Unlike the male graduates, the two women can’t apply to join the 75th Ranger Regiment, an elite special operations force.
The Pentagon isn’t expected to make final decisions about exactly what combat roles women will be allowed to fulfill until later this year.
The Pentagon describes Ranger School as “the Army’s premier combat leadership course, teaching Ranger students how to overcome fatigue, hunger, and stress to lead Soldiers during small unit combat operations.”
The current class started in April with 381 men and 19 women. The students were forced to train with minimal food and little sleep and had to learn how to operate in the woods, mountains and swamplands.

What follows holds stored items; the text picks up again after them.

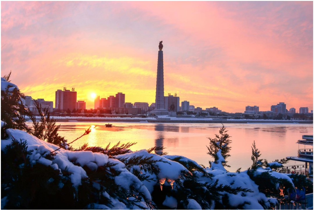
旭日东升的大同江畔，雪景可观。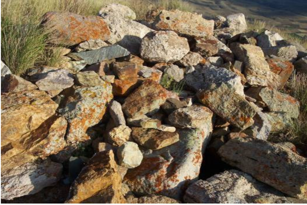
Figür-11 Kaplı Kalesi Duvar Kalıntıları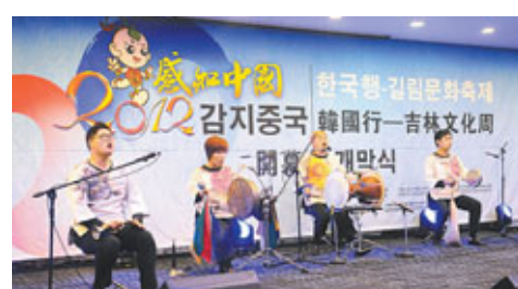
「2012感知中國行—吉林文化周」的樂隊表演。

近年來，吉林充分發揮在東北亞區域格局中的地緣優勢和中心輻射作用，緊密和強化東北亞區域各國間的文化藝術交流、合作與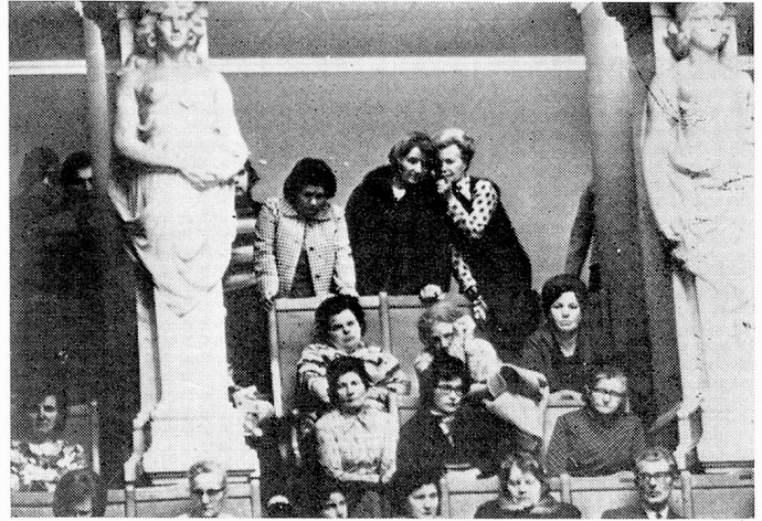
Oyentes en el Consejo Nacional

hay Directoras de Museos. Hasta hace unos años una mujer se encontraba al frente de un Zoológico. Dos mujeres integran el Consejo Científico Suizo y una el Consejo Médico Federal.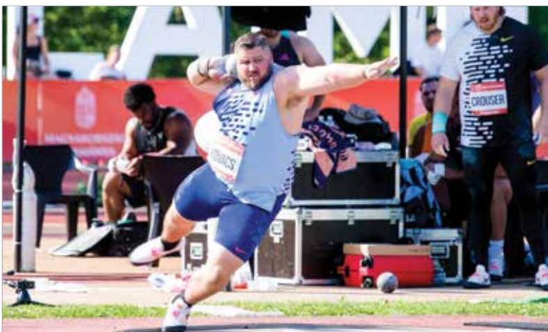
A férfi súlylökésben a Gyulai Memorial versenycsúcsát tartó, magyar származású Joe Kovacs idén a második helyen zárt Ryan Crouser mögött

Students also had to undergo a physical fitness test that included 49 push-ups, 59 sit-ups, a 5-mile run in 40 minutes, six chin-ups, a swim test, a land navigation test, a 12-mile foot march in three hours, several obstacle courses, four days of military mountaineering, three parachute jumps, four air assaults on helicopters, and 27 days of mock combat patrols.
By the end of the 62-day course, only 94 men and two women met all the requirements.
The Pentagon did not identify the names of the soldiers set to graduate Friday.